In leaf-ancestor evaluation (cf. Sampson & Babarczy 2003), the paths from the root node to the leaves in the parse tree are compared for each word. The distances are measured by the minimum edit distance relative to the number of nodes in the parse tree of the gold standard. In this metrics errors near the tree root have a great impact because they affect more paths than errors lower in the tree.

Cross-bracketing (as e.g. defined in Caroll, Briscoe & Sanfilippo 1998) counts how many text parts are subsumed (bracketed) differently under frame slots by determining how many beginnings and ends of text parts do not match for the annotations to be compared. So, it can be used to determine whether the text parts that can be assigned to slots and frames match in different annotations. It is therefore a measure mostly for quality of the leaf-related parts of the annotation.

While the leaf-ancestor evaluation only determines the minimum editing distance for the paths from the terminal nodes to the root nodes, the minimum tree edit distance (TED)¹⁷ measures how many editing steps (adding, deleting and renaming nodes) are required to transform the given tree into the gold standard. Variants arise depending on the weighting of different editing operations. In the case of strongly divergent frame analyses, however, it can be difficult to find suitable editing strategies that lead to a minimization of the editing steps.

The ParsEval measures determine the number of constituents that have the same extension in the parse tree as those in the gold standard.¹⁸ The precision is defined as the ratio of the correctly determined constituents to the constituents in the parser output, the recall is the number of correctly determined constituents in the parser output in relation to the number of constituents in the gold standard. An F-score can be calculated on the basis of precision and recall as the harmonic mean of both values which could be weighted in favour of one or the other value. This measure only provides information about the extent of the text parts corresponding to the nodes in the parse tree and the number of nodes between root and leaves.

The classification of the constituents is not taken into account in the ParsEval base measure. In labelled precision and labelled recall, however, it is possible to determine how many matches there are in text extension and label.

In a more refined metrics of ParsEval, the errors in nodes can also be weighted depending on how far they are from the leaves. This is based on the assumption that faults closer to the root are more serious than faults closer to the leaves. In the evaluation of frames other forms of weighting could be taken into consideration.

In section 2, we mentioned the similarities and differences between our conception of structural frames and linguistic constructions. While both share their bilateral structure of form and meaning, we conceive frames as much less bound to the surface structure of the text.
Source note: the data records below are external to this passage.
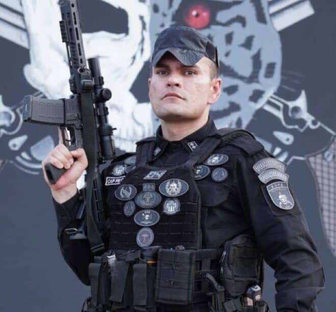 Além disso, o capitão se destaca por sua formação em cursos de alta complexidade na área de segurança pública. Em 2019, concluiu o Curso de Choque da Polícia Militar do Acre. Dois anos depois, participou do renomado Curso de Operações Especiais “Caveira”, promovido pela Polícia Militar do Piauí, e se especializou em operações rurais e negociação policial pela PM do Paraná. Em 2023, ampliou ainda mais sua qualificação ao se tornar Atirador Designado em formação pela Polícia Rodoviária Federal.
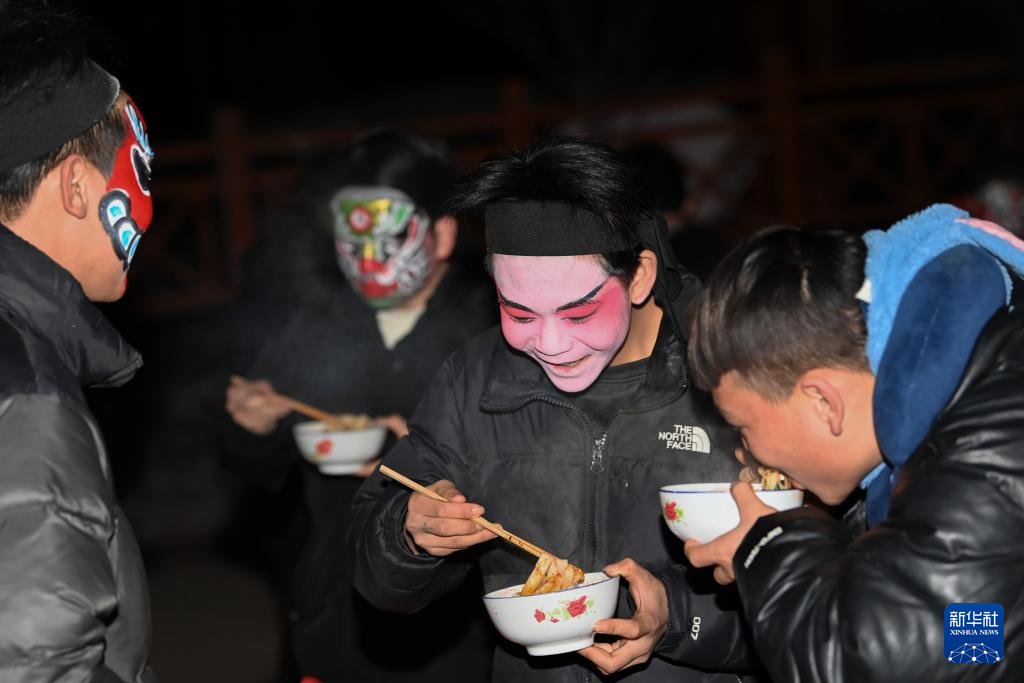2月11日凌晨,黃花峪村社火隊成員(yuan)在吃(chi)早餐。
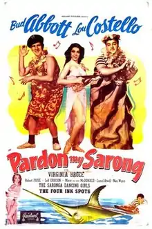 Pardon My Sarong is a 1942 American comedy film directed by Erle C. Kenton and starring Abbott and Costello. The cast also featured Virginia Bruce, Robert Paige and Lionel Atwill. It was produced and distributed by Universal Pictures as part of a long-running series featuring the comic duo.

The textual borders of certain frames and their fillers may be more disputable than in the case of grammatical constructions. Therefore, essentially text extension-based metrics as cross-bracketing and ParsEval seem less suited for our purpose than metrics highlighting the tree structure as leaf-ancestor evaluation and TED.
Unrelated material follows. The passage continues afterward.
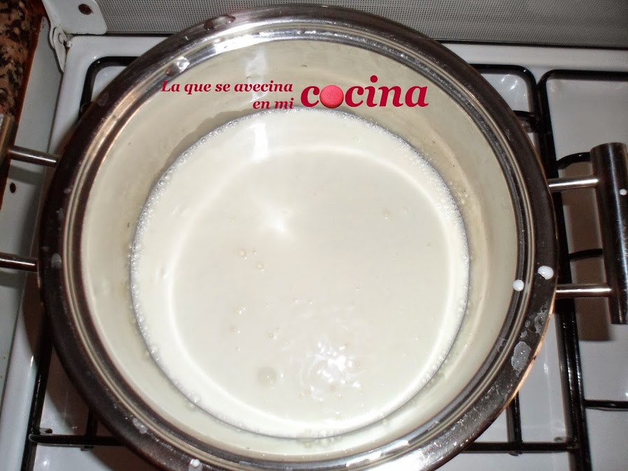 Ponemos en un cazo a calentar la leche y la nata (crema de leche).

Any metrics taking into consideration the node labels of the tree, i.e. frame types and slots, should regard that the types are differently distant from each other. A frame subtype is to be treated differently from a completely contradictory type assignment. Hierarchy-based measures for frame type distances could be a suitable approximation for the assessment of the quality of frame type matching. So, recognizing a proof correctly as an induction proof but being mistaken in the type of induction (e. g. induction-natural-numbers instead of induction-trees in the hierarchy fragment of figure 2 would nevertheless allow for a correct detection of slot fillers and would not make the annotation useless as a whole.

But it seems well motivated that any metrics should take the root distance into consideration. Mistakes higher up in the frame structure tree, i.e., principal misinterpretations of the proof structure, have more serious effects on the whole annotation than mistakes closer to leaves.

We have shown why the systematic creation of a corpus of mathematical texts annotated with structural and ontological frames can contribute to several research goals in linguistics, philosophy of mathematics and natural language processing and highlighted the challenges of designing annotation for this corpus.

The corpus will allow us to study the linguistic means by which frames are introduced and signalled. We sketched the hypotheses above, and expect that using the corpus, we will be able to test and refine these hypotheses.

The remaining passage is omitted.